I know things will eventually get better. It's not bad like it was in that I don't feel I've made a consecutive decision this time to 'go-into' the anorexia, if that makes sense? But sometimes a spot of realism is just what I need! I'm very good at convincing myself it's all 'A-okay'. Take care of yourself  :):  x

----------

Suzi (10-07-17)

----------


## BookNerd

I'm not mental health trained, but your previous posts mention a lot about control, and I'm pretty sure that is one of the things involved with anorexia. Are you seeing a psychotherapist? The books used to say this need for control could be stem from previous experience, of what I can't say since I only have surface knowledge of mental health. 

I do get how you're holding back some information from some therapists though. You are meant to be honest with them so they can help you the best they can, but it's also a matter of having a trusting relationship with them, isn't it? It's hard. But you did also mention you are seeing someone privately whom you trust, so I'm glad there's someone! 

Hope you're getting better, even in small, tiny steps! x

----------


## JustEM

Hey there!  :(hi): 

Thanks for your message. 

Yes, the need for control stems right back to when I was nine years old. My life felt out of control and what I ate and my weight became the only thing I could control. I guess I developed anorexia rather than perhaps a different illness because this need for control was paired with weight-related and healthy eating comments which served then as a trigger for the eating disorder. It's a weird illness because this control element can give you a buzz and a sense of self-worth which, when you're depressed, feels worth grasping! 

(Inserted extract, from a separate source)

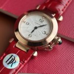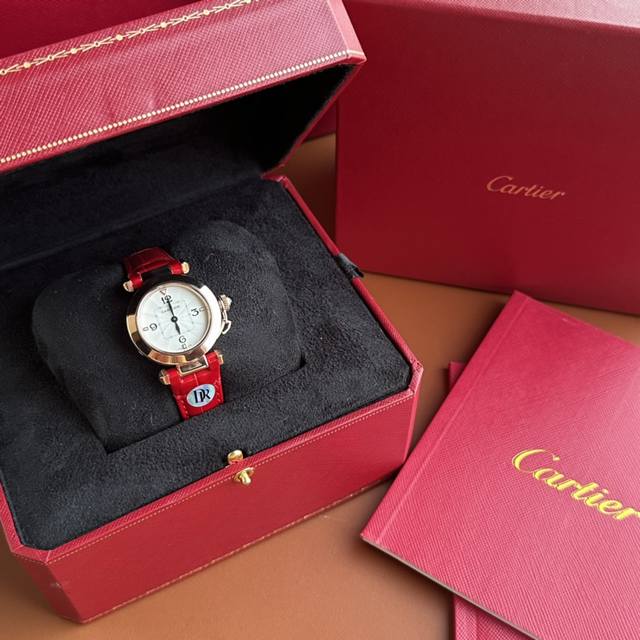 Cartier's new Pasha series is now available, top-quality replica! Dial diameter: 30mm, thickness: 8.22mm, water resistant to 3 bar (approximately 30 meters). Powered by an imported Swiss Ronda quartz movement, ensuring accurate timekeeping. The strap is made of imported American alligator leather and comes with an original buckle. Comfortable to wear and of excellent quality! Among Cartier's many series, the Pasha series stands out with its unique design, "unconventional yet harmonious," cleverly combining square and round elements. The square minute track paired with the rounded dial subtly creates a harmonious aesthetic. The newly inlaid crown, with a short chain and screw-down cover concealing a blue spinel, showcases exquisite craftsmanship. Pearl-engraved dial, diamond-shaped hardened steel blued hands, sapphire crystal. Finally, this watch boasts first-class workmanship, components, materials, and details.

I guess 'this time around', things in my life have felt out of control and a few weight comments were made towards me last year that affected my self-esteem increasingly so as I became more depressed over the following months.... 

So yeah. Control, self-esteem, self-worth.... But I am getting help, yes. Not so much for the eating disorder bit though.

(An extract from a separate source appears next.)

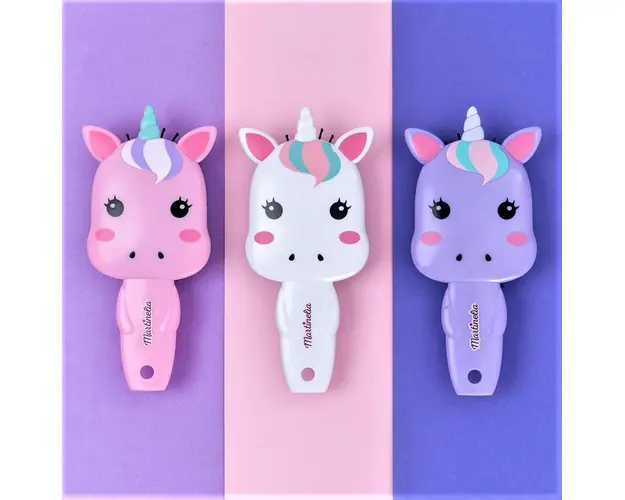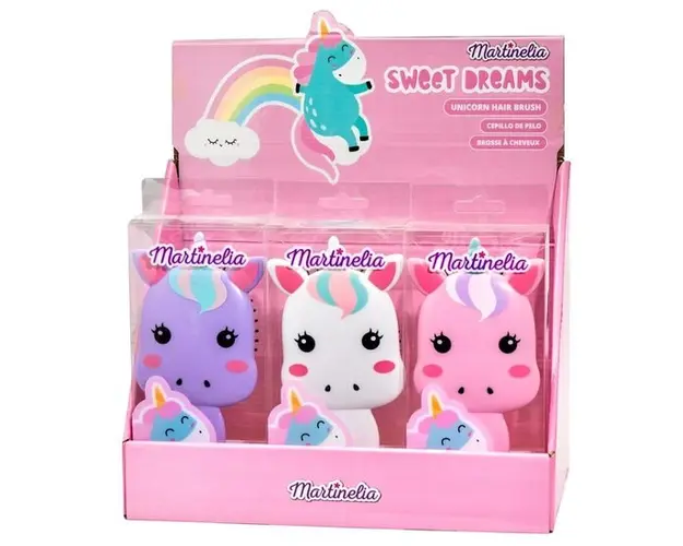 Martinelia Unicorn Hair Brush este o perie de par speciala, in forma de unicorn cu peri moi numai buni pentru descalcit parul. Aranjarea parului devine o activitate distractiva. nbspIdeala pentru toat Produsul cu denumirea Set 12 perii de par pentru copii Sweet Dreams Unicorn Martinelia face parte din brandul Miniland, se afla in categoria Igiena si ingrijire si subcategoria

Maybe I shouldn't say this but as someone who has suffered with long-term mental health problems, from my own experience I have found it quite easy to note the difference between a therapist who cares sure but not to the extent of a therapist who really genuinely cares and wants to help you. Thankfully, my therapist I see privately is one of those one in a million types so im very grateful to be able to work with her!! I am honest with the OT that I see from the cmht and she's nice but I don't massively connect with her, you know? 

I hope everything is as good as it can be with you! Thanks for your encouragement. 

Things are getting better, but my eating (or lack of!) is remaining un-addressed. I know this needs to come from me and im sure it will when things soon start to feel a little less stressful and out of 'control'.

Take care x

----------


## Suzi

What about writing a meal planner then trying to stick to it?

----------


## JustEM

At the moment, eating 'normally' is a bit overwhelming so im trying to introduce little bits here and there (granted I next to never comply!) but the appetite isn't really there. I do eat when im hungry though and actually ate something different from the same thing I've been eating for months each day today which was good! 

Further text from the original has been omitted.